02-19-2019 , 08:11 PM
Quote:
Originally Posted by suzzer99
There are very few scenarios where 4 years at expensive school make more strict financial sense than 2 years of CC then transfer.
I tell anyone who asks to max out CC hours. The first college statistics course I taught was in 2006 at a major state university. At the time, that course was somewhat rigorous and was mirrored by the state CC system who took our guidance on the content. Fast forward to today, the CC course is the same. The university course is such a sham that you might lay odds that I'm lying if I described it to you.
02-19-2019 , 08:24 PM
It actually depends on school and program. A lot of schools basically branched out "stats for non-science majors" or whatever they call it while the Business School and ECON program got their own stat classes going.

In MBA programs the stat class is pretty watered down (at MOST top programs, but not all. The exceptions tend to be schools that that mainly feed into IBanking) compared to the undergrad stat/econometrics classes I took almost 20 years ago. A lot of topics that used to be taught in intro to stat have been pushed to classes like operations management and decision science.
02-20-2019 , 02:46 AM
My programming career got started by 3 classes in the CA City College system - Java, Perl and C++. Entire cost? $117 - $13 a credit hour. One of my teachers taught the same class at Berkeley Extension for 10x as much.
02-20-2019 , 03:27 PM
You're old though.

Is the modern Computer Science world still filled with people who are fresh off a "HTML for Dummies" book and largely learning as they go? I'd imagine it's more competitive than it was for you in the 80s or whatever.
02-20-2019 , 03:37 PM
Quote:
Originally Posted by Inso0
You're old though.

Is the modern Computer Science world still filled with people who are fresh off a "HTML for Dummies" book and largely learning as they go? I'd imagine it's more competitive than it was for you in the 80s or whatever.
I dunno about the 80s, but 10-15 years ago it was much harder to get a programming job without a computer science (or related) degree than it is now.

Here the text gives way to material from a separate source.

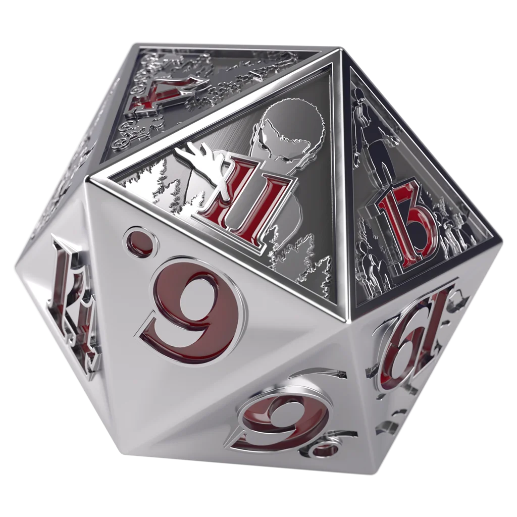 Gamegenic, en colaboración con Die Hard Dice, presenta este accesorio imprescindible para cualquier fan de la serie Stranger Things™. 10 de las caras de este dado único muestran 2 escenas repujadas exquisitamente del Mundo del revés, la dimensión alternativa misteriosa de la serie. Además, la cara 1 muestra la puerta entre las 2 dimensiones mientras que la cara 20 muestra al demonio del club del Fuego Infernal. Lo números están grabados en color rojo oscuro translúcido. Tanto los números como las escenas grabadas en los dados encajan perfectamente con la atmósfera única de Stranger Things™.

In the modern world, demand for programmers is so high that there are shortcuts like coding bootcamps for people to learn to code and get into entry level programming jobs. A notable example is Haseeb Qureshi (aka dogishead from 2+2/poker), and there are also some participants in the Programming forum here who went that route and now have tech jobs.
02-20-2019 , 04:07 PM
I think the doors from boot camps to tech jobs are rapidly closing now.

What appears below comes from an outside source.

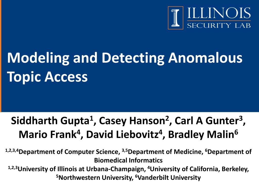 Modeling and Detecting Anomalous Topic Access Siddharth Gupta1, Casey Hanson2, Carl A Gunter3, Mario Frank4, David Liebovitz4, Bradley Malin6 1,2,3,4Department of Computer Science, 3,5Department of Medicine, 6Department of Biomedical Informatics1,2,3University of Illinois at Urbana-Champaign, 4University of California, Berkeley, 5Northwestern University, 6Vanderbilt University

At least they are in the finance space for quants and database guys in the NYC area. CUNY has been REALLY good in supplying competent coders and there is just no reason to sort through a thousand+ boot camp grads and give them technical interviews. My understanding is other T2/T3 schools similarly are producing enough coders to meet demand and it is increasingly costly to find good candidates among the boot camp graduates.

Respectable schools are also putting out their own de-facto boot camps (some just call it boot camps), sometimese as precursors to programs like masters in financial engineering. This dilutes value of Udacity and whatever boot camps even more.

Another institutional factor is that hiring is starting to be very concentrated in just a few big employers with basically identical hiring timelines... and increasingly focused on (traditional) campuses.

We actually saw something pretty similar happening in the 90s and early 2000s when no matter what your other credentials (or lack thereof) were, if you had Oracle certifications, you'd get a job. Nowadays, you need a legit background in database management and at least some coding skills to get good quant/DB jobs, unless you just want to be an onsite tech.

Last edited by grizy; 02-20-2019 at 04:15 PM.